> [Directions]:
The required output is the exact run of lines in the listing below from the line holding "Every time you" through the line holding "2メートル usb コンセント】このusb", with no pictures.

> [Provided data]:
==*==

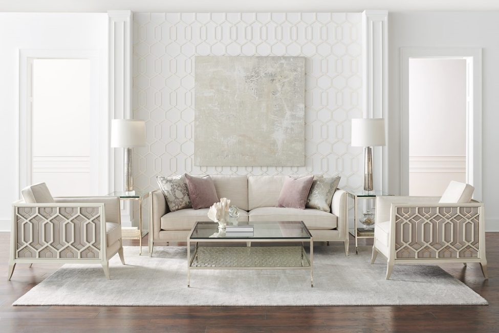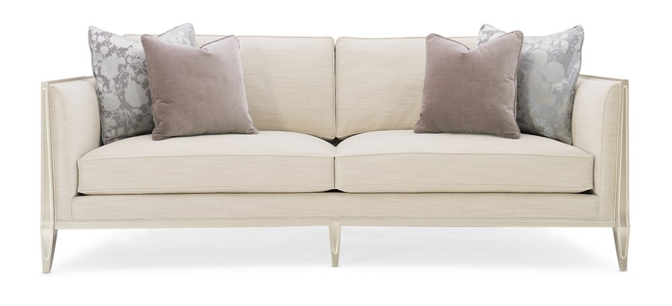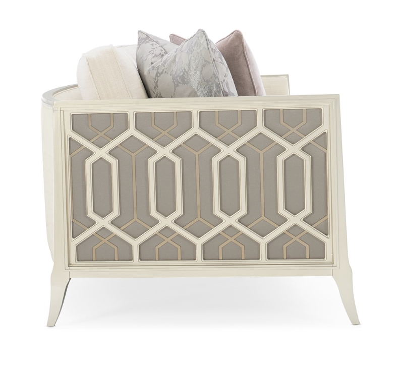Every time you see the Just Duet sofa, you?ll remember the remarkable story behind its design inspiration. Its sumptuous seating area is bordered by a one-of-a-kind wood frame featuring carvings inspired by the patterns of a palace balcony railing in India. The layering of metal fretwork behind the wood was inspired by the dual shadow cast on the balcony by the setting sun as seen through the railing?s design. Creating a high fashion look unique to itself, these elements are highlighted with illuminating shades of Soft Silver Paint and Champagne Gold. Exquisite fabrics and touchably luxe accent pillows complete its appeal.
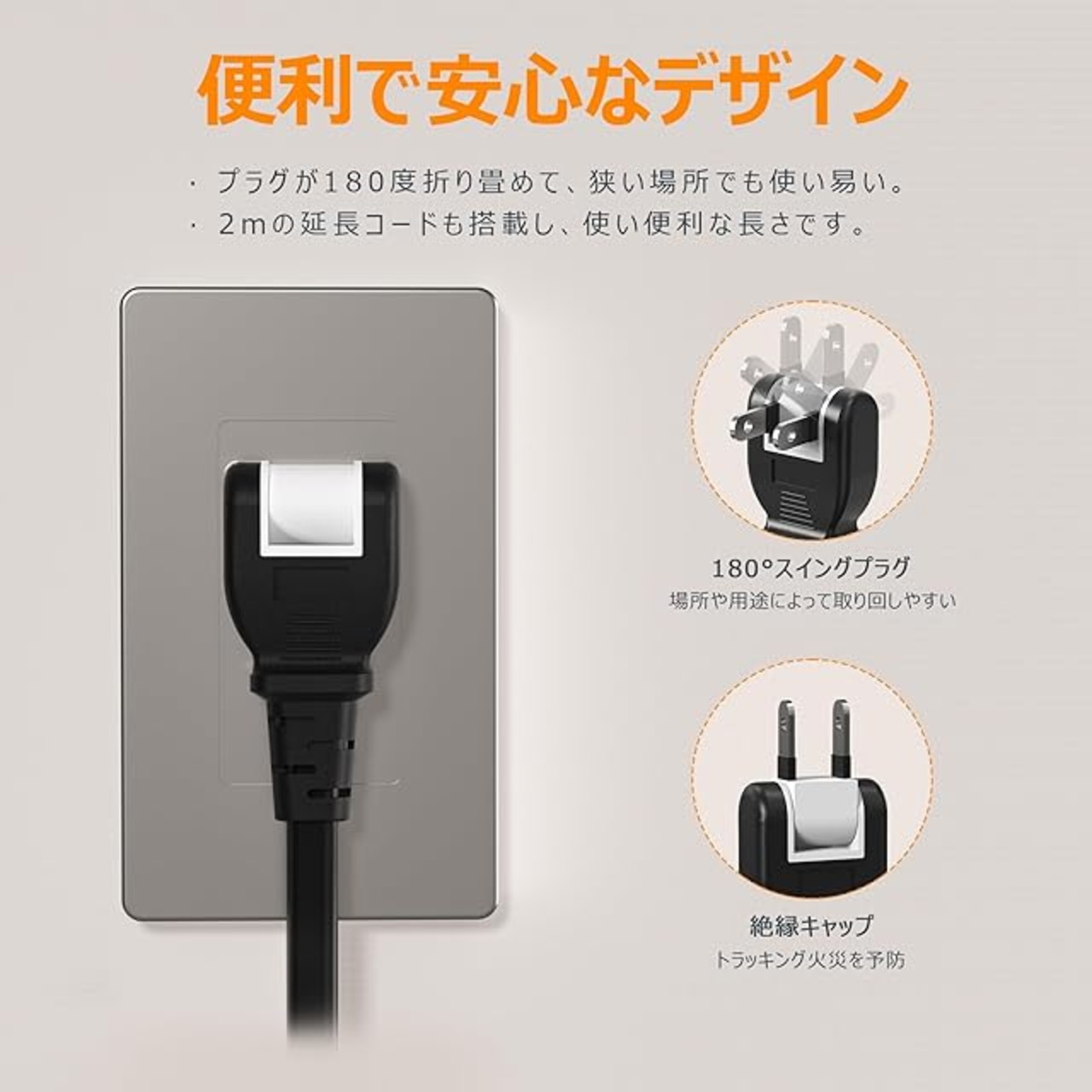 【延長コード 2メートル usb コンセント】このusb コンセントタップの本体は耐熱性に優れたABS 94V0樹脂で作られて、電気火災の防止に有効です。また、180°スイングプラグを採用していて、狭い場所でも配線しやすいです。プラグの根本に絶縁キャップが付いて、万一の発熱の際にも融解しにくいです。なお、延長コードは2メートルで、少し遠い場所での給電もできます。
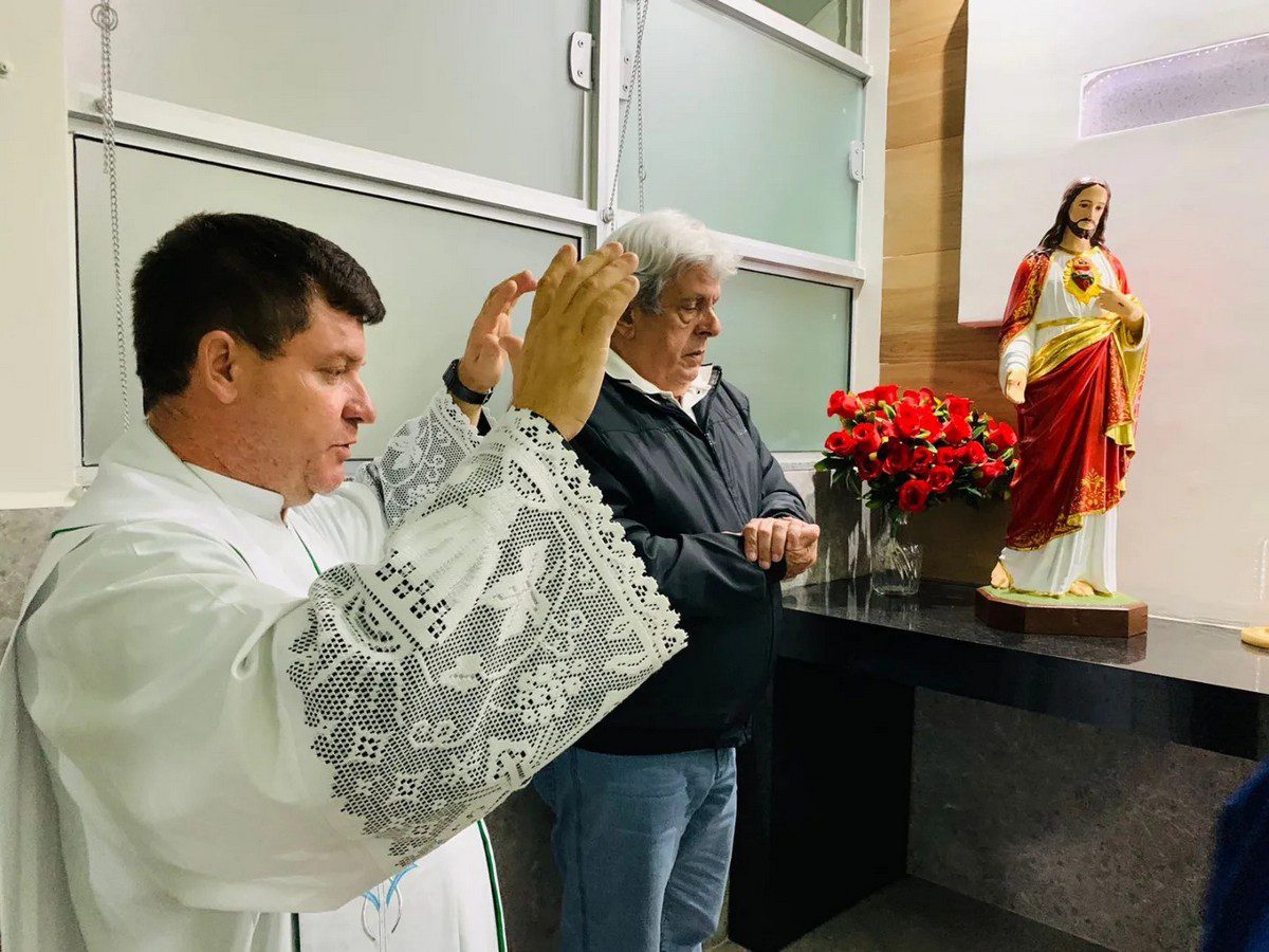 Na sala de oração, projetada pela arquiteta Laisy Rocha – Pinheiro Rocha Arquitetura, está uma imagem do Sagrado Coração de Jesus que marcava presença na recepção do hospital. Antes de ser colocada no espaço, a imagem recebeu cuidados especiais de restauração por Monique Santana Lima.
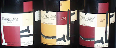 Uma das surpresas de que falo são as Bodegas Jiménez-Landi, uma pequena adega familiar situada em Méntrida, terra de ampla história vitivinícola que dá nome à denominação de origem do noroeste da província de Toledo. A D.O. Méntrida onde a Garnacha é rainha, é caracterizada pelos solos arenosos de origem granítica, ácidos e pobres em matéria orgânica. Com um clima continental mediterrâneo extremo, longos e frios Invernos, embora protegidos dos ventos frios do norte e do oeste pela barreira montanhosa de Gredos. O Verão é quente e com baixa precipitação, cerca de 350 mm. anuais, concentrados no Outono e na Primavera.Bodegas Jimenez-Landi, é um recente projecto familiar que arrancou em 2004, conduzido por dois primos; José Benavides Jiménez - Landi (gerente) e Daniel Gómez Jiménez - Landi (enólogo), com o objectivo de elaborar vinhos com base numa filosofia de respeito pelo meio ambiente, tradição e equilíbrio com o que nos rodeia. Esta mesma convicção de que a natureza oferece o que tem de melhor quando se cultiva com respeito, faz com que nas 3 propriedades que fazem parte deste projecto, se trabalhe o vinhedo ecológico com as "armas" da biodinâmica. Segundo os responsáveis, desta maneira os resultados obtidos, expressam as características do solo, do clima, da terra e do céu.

==*==

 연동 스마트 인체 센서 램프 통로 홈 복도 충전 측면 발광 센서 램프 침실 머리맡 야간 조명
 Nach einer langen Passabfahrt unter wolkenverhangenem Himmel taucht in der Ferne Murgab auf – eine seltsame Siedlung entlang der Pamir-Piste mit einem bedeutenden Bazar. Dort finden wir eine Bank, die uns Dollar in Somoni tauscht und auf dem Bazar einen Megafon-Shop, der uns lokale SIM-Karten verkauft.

==*==

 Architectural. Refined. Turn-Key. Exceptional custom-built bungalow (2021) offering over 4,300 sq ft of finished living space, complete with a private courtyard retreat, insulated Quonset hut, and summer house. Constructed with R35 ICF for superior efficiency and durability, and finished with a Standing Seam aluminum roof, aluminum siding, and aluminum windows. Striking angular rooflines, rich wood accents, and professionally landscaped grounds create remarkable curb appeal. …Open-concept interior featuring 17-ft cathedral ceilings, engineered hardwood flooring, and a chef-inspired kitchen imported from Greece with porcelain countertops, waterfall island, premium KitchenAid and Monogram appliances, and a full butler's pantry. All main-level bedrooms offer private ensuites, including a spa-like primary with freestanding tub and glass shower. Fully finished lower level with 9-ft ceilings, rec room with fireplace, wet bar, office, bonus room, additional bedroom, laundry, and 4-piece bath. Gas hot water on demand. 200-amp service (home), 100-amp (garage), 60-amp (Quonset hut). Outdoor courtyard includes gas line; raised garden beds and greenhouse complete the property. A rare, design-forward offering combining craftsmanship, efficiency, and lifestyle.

==*==

> [Result of the task]:
Every time you see the Just Duet sofa, you?ll remember the remarkable story behind its design inspiration. Its sumptuous seating area is bordered by a one-of-a-kind wood frame featuring carvings inspired by the patterns of a palace balcony railing in India. The layering of metal fretwork behind the wood was inspired by the dual shadow cast on the balcony by the setting sun as seen through the railing?s design. Creating a high fashion look unique to itself, these elements are highlighted with illuminating shades of Soft Silver Paint and Champagne Gold. Exquisite fabrics and touchably luxe accent pillows complete its appeal.
 【延長コード 2メートル usb コンセント】このusb コンセントタップの本体は耐熱性に優れたABS 94V0樹脂で作られて、電気火災の防止に有効です。また、180°スイングプラグを採用していて、狭い場所でも配線しやすいです。プラグの根本に絶縁キャップが付いて、万一の発熱の際にも融解しにくいです。なお、延長コードは2メートルで、少し遠い場所での給電もできます。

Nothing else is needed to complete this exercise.